How to Run a Business With a Friend

 Two women work in the kitchen of a cupcake shop. The first woman, who has shoulder-length blonde hair, uses an icing bag to swirl pink icing on top of a cupcake. The second woman, who has brown hair, walks behind her coworker with an empty cupcake tin.

Starting a business with a friend sounds like a dream, but there are many things that can go wrong if you don’t plan in advance. — Getty Images/AleksandarNakic

For friends with entrepreneurial dreams, starting a business together can be a great idea; however, the path to success isn’t always easy when working with someone close to you. Here’s what you should know before running a business with a friend along with tips for those who are ready to start.

What to know before running a business with a friend

While running a business with a friend may sound like a recipe for success, certain considerations are worth thinking about before taking the leap.

The pros and cons of running a business with a friend

Diving into a business venture with a friend, instead of going it alone, has many advantages for entrepreneurs, including the following:

  • You already understand how your business partner operates. Understanding your business partner allows you to efficiently tackle responsibilities by delegating based on strengths and weaknesses. By knowing how your business partner operates, there’s less guesswork in determining roles and responsibilities, allowing for a quicker adjustment period.
  • You can communicate comfortably. The ability to communicate comfortably and honestly is vital in any business, and working with a friend allows you to explore difficult topics with ease rather than spending time getting used to talking openly with a new partner.
  • You have a built-in support system. Having a friend by your side as you start your entrepreneurial journey provides you with someone to go through all the ups and downs with, easing stress and providing support from somebody who understands.

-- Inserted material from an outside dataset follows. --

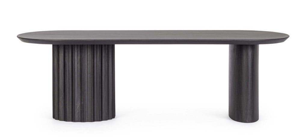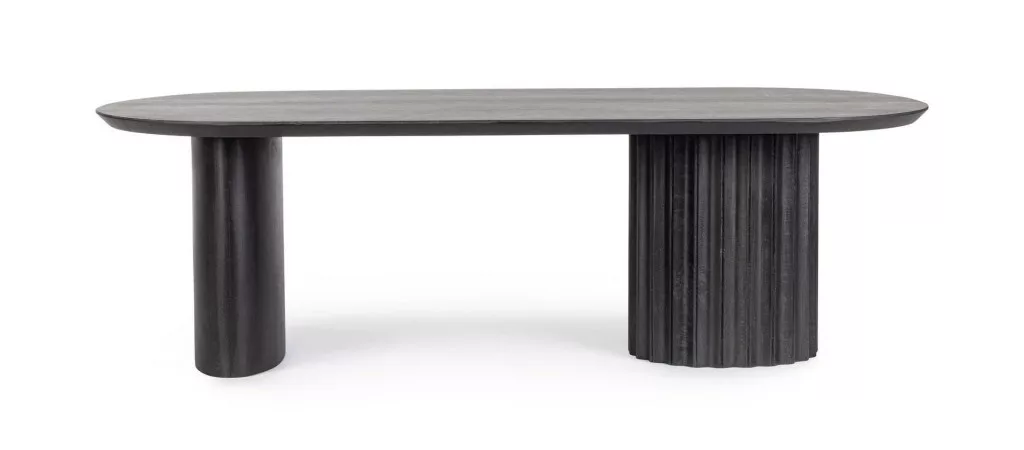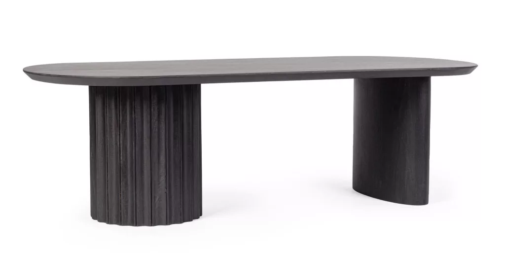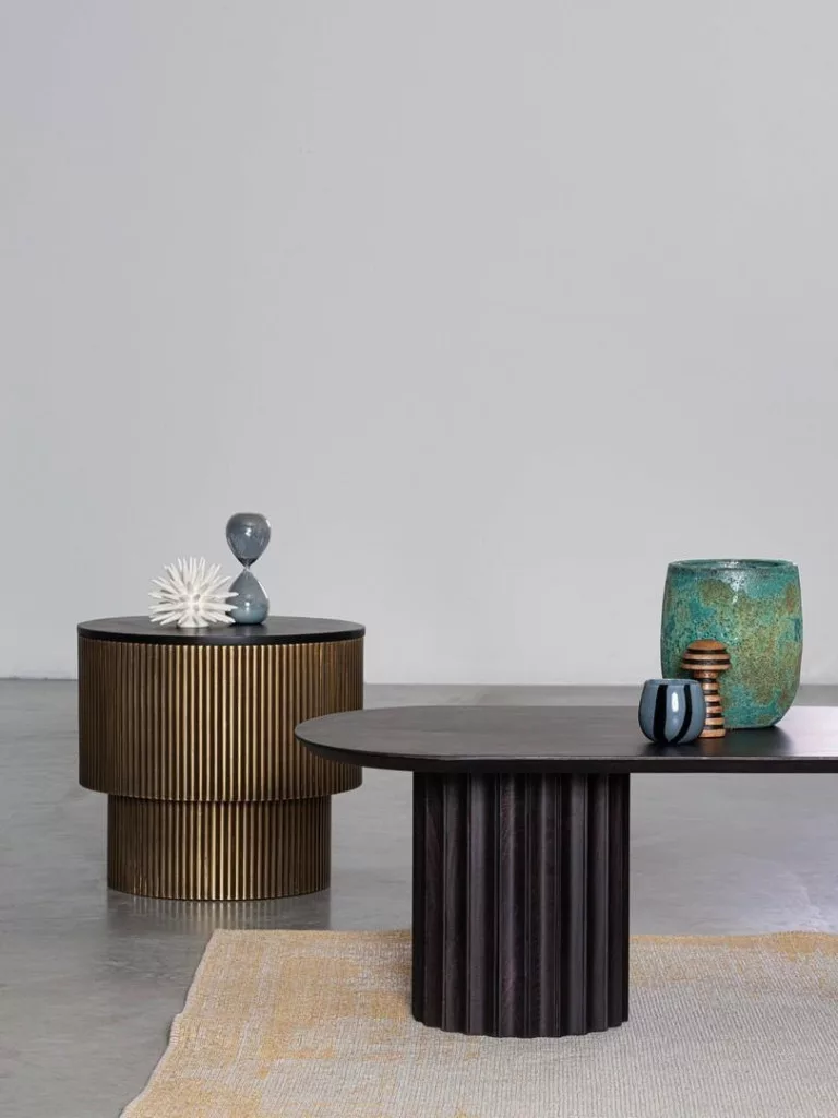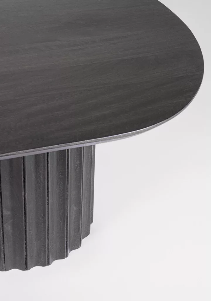 Az Orissa dohányzóasztal a modern lakberendezés kiemelkedő darabja, amely ötvözi a természetes mangófa melegségét az innovatív formatervezéssel. A különleges, bordázott lábszerkezet és a letisztult asztallap tökéletes harmóniát alkotnak, míg a fekete szín időtlen eleganciát kölcsönöz a bútornak.

While running a company with a friend provides many advantages, entrepreneurs should consider the downsides as well, including the following:

  • Your dynamic may change. Having a friend become a business partner is bound to change your dynamic, as financial and personal risks are on the line that did not previously exist in your friendship. The focus of your friendship is no longer simply fun, it’s about business and success as well.
  • Emotions can run high. When friends work together, personal conflicts can get in the way of professional matters if emotions aren’t put aside. When personal issues bleed into the workplace, business partners can run into trouble.
  • Your friendship and business can become intertwined. Working so closely together can alter the way you interact with one another and make it harder to separate professional time from personal time, even after “working hours” are over. As free time is spent planning business ventures or discussing new ideas, hanging out can become less frequent.

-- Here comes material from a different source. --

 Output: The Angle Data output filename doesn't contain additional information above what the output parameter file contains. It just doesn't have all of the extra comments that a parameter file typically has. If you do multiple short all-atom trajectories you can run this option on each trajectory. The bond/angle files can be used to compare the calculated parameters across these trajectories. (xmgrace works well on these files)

Questions to consider before starting a business with a friend

Before you decide to make your partnership official, ask yourself the following questions to ensure you’re each ready:

  • Are your values similar? Understanding each other’s values is critical to success, as they are the motivators used to drive your business. Determine what your partner is looking for from the business, and ensure it’s in line with your values — or at least close enough that you can work through it together.
  • How do your skills complement each other? Identify where your skills differ to determine responsibilities and address potential shortcomings in your business. For example, if one partner is better at communicating, while the other is better at logistics and organization, use those strengths to guide your role assignments.
  • Do you have the same goal for your business? It’s important to confirm that your business goals are in line with one another, otherwise, you could wind up damaging your friendship or negatively impacting your business. Share your goals, projecting at least five years out, to see whether they’re focused on growth, financial milestones, or something else.
  • Will your career and personal habits clash? Ensure that both parties are on the same page by observing lifestyles, habits, and work ethics. Consider factors such as preferences for a professional versus relaxed environment, working hours, communication habits, and how much of a work-life balance you want to achieve.

Miscommunications are plentiful in business, but they can have a lasting
negative impact — especially when they occur between co-owners.

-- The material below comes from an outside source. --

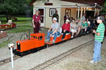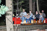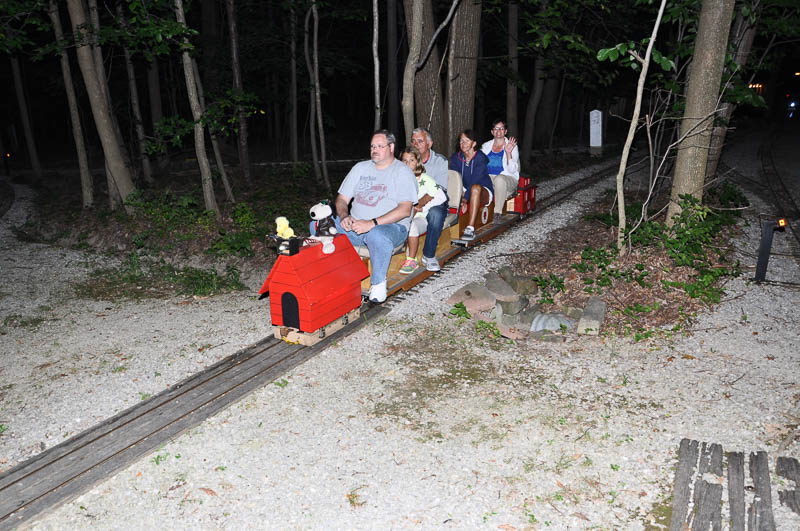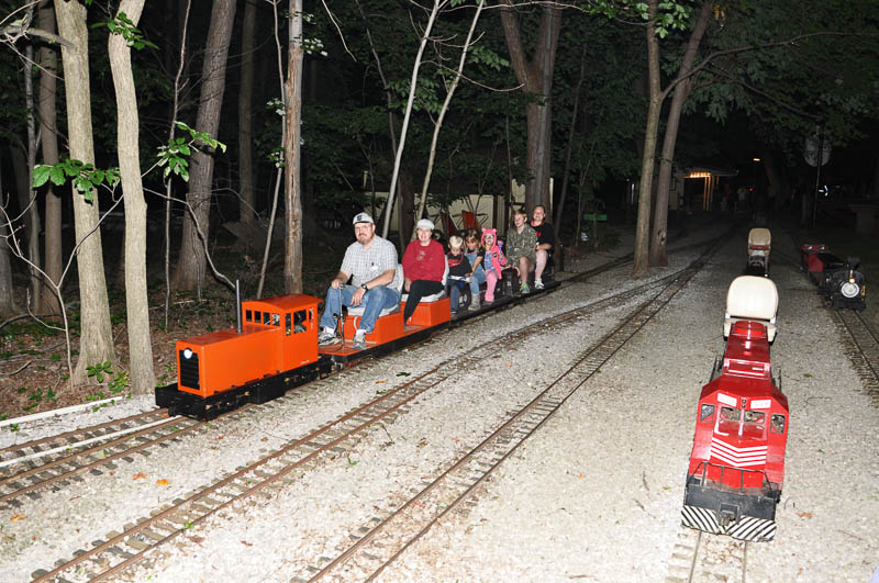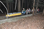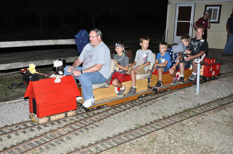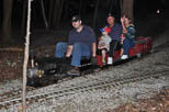 Bob and Donna Craig, with his scratch-built diesel engine, talks with Ron Trenhaile before departing Shriver Station with their riders as Josh Frank watches. Paul Zorko leaving the station with his passengers for his first run of our Super Star Party night run. |

How to run a business with a friend

Running a business with a friend can yield great rewards for both your friendship and your business’s success, just as it has for many organizations in the past. Follow these six tips if you’re considering starting a business with your friend.

Get everything in writing

Before starting a business with your friend, draw up paperwork to put your partnership in place. Consider meeting with a lawyer with experience in partnerships to draft a business plan and ensure you’re covering all your bases. There are many contingencies you might miss from the get-go, and having it all in writing will protect you and your business partner/friend from potential issues down the line. For instance, if one of you wants to leave the business, you will have a contract in place that outlines how you will value the business.

You should also put into writing any and all business promises, like compensation rates, profit shares, investment contributions, and business accounts.

[Read more: How to Write a Startup Business Plan]

Establish a shared vision

Before diving into a business with your friend, talk to each other about the business idea and how it might pan out, including any obstacles that might arise. How will you address these potential issues, and do you agree with the proposed solutions?

Ensuring you share a similar vision for your business and its future is crucial to your success. It isn’t enough to agree on a business idea or industry; you must anticipate the entire future of the business, including any sacrifices and pivots you each may have to make.

Clearly define each of your roles

Don’t jump into entrepreneurship aiming to be jacks-of-all-trades. Instead, evaluate each of your strengths and weaknesses to determine the appropriate roles. Make sure you both understand your unique responsibilities and how they differ from each other so you can properly delegate work and operate in a collaborative manner.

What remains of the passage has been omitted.